Она и не подумала поблагодарить лучшего футбольного защитника Парди за его усилия. Нет. Она приблизилась к Джиму настороженно, как будто ждала, что и он швырнет ключи над ее головой, как его криками подначивали друзья. Она подняла на него взгляд. Глаза у нее покраснели, а распухшее от слез лицо стало почти уродливым, но Джим вдруг почувствовал в ней одиночество и уязвимость… И не бросил ключи, а аккуратно вложил их в ее протянутую ладонь. На какую-то долю секунды их пальцы соприкоснулись, и он ощутил безумную тягу к ней… как будто между ними существовала невидимая связь.

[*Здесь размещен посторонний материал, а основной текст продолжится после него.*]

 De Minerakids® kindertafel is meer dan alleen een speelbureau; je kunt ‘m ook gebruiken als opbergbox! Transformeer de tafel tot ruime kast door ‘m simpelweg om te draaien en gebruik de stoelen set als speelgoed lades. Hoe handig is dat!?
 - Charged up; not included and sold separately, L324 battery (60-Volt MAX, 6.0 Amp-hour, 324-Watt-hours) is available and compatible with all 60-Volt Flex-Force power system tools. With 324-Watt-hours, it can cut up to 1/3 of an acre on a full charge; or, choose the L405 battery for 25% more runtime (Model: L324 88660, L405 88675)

А потом Бо-Бо громким стоном выразил свое недовольство, и ее пальцы сжались в кулак, а ногти вонзились в ладонь Джима. Она сверкнула гневным взглядом и выпалила:

– Я тебя ненавижу, ненавижу! Тебя – больше всех! Строишь из себя невесть что, потому что девчонки за тобой бегают, а на самом деле ты – просто здоровая футбольная дубина. Ты еще глупее, чем Бо-Бо!

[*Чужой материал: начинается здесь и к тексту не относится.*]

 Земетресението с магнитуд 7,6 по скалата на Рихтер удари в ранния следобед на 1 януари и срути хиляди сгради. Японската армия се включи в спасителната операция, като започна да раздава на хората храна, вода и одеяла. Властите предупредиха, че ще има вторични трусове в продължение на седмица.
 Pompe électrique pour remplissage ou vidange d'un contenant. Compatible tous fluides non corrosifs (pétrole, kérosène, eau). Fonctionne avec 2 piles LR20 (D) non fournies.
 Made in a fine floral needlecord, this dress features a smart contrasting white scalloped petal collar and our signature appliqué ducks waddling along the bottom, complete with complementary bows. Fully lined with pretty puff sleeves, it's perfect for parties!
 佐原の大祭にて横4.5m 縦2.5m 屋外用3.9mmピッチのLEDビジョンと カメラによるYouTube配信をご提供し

– Эй, я-то тут при чем? Я и пальцем не тронул твою дурацкую машину! – возмутился Джим.

Он ринулся за ней, но она запрыгнула в машину – и прищемила бы ему дверцей пальцы, не отдерни он руку буквально за миг до этого. Он стоял на крыльце, уставившись на свою руку, и думал о том, что если бы не его хорошая реакция, то она – пусть даже ненарочно – раздробила бы ему кисть и на футболе можно было бы поставить крест.

Побледнев от ярости, он следил, как она съезжает с крыльца: колеса неуклюже подпрыгивали на каждой ступеньке, а в самом низу раздался еще и лязг металла о бордюр.

Такой злости он не испытывал еще ни к одной девчонке… даже к ней. Взбешенный, он вскочил в свой пикап и бросился за ней в погоню. Заметив в зеркальце его машину, она нажала на газ.

Чем окончательно вывела его из себя. Как безумный, он вдавил в пол педаль газа.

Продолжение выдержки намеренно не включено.